3) A compensação necessária para assegurar os montantes mínimos previstos em 1) efectua-se pelos excedentes que advenham da aplicação do número anterior, bem como, se necessário, mediante dedução proporcional à diferença entre as transferências previstas e os montantes mínimos garantidos para os municípios que tenham transferências superiores aos montantes mínimos a que teriam direito.

4) O excedente resultante do disposto nos números 2) e 3) é distribuído de forma proporcional pelos municípios com uma capitação de impostos locais inferior a 1,25 vezes a capitação média nacional daqueles impostos.

Metodologia para a construção do Índice de desenvolvimento social (IDS): (publicada em anexo à LFL)

1 - São componentes do IDS os seguintes índices:

A) Esperança de vida à nascença;

B) Nível educacional;

C) Conforto e saneamento;

com um peso idêntico, de acordo com a seguinte fórmula:
IDS = [e(0) + I(e) + I(cs)]/3

sendo:
e(0) = índice de esperança de vida à nascença;
I(e) = índice do nível educacional;
I(cs) = índice de conforto e saneamento.

2 - Fórmula do índice de esperança de vida à nascença (e):
e(0) = 0,5 + [2,511 + 4,515 + 5(110 + 115 + 120 + ... + 1x)]/10

sendo 1x = número de sobreviventes da tábua de mortalidade.
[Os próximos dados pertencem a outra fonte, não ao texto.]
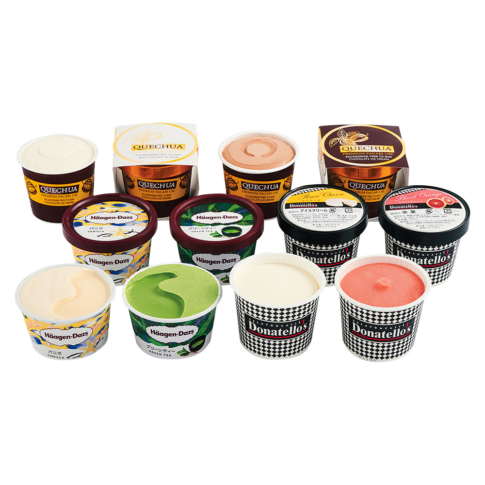ハーゲンダッツバニラ・グリーンティー各110ml×2、ドナテロウズレアチーズ・ブラッドオレンジ各100ml×2、ケチュア ホワイト・ビター各120ml×2 ※12月26迄のお届け(承り:12月15日迄)

3 - Fórmula de índice do nível educacional [I(e)]:
I(e) = P e (15 e + anos)/P t (15 e + anos) x 100

sendo:
P e (15 e + anos) = população de 15 e mais anos de idade, sabendo ler e escrever;
P t (15 e + anos) = população total de 15 e mais anos de idade.

4 - Fórmula do índice de conforto e saneamento [I(cs)]:
I(cs) = (I E + I OH2 + I AS)/3 x 100

em que I E = índice de existência de electricidade nas unidades de alojamento (UA), obtido de acordo com a seguinte fórmula:
I E = P E/P t x 100

sendo:
P E = população residente nas famílias que possuem energia eléctrica na UA;
P t = população residente de ambos os sexos;

I OH2 = índice de existência de água canalizada na UA, obtido de acordo com a seguinte fórmula:
I OH2 = P OH2/P t x 100

sendo:
P OH2 = população residente com água canalizada na UA, proveniente de um sistema de canalização pública ou particular;
I SA = índice de existência de saneamento básico na UA, obtido de acordo com a seguinte fórmula:
I SA = P SA/P t x 100

sendo P SA = população residente com instalações sanitárias com retrete (privativa ou não privativa) ligada a um qualquer tipo de sistema público de drenagem de águas residuais, particular ou outro tipo de saneamento.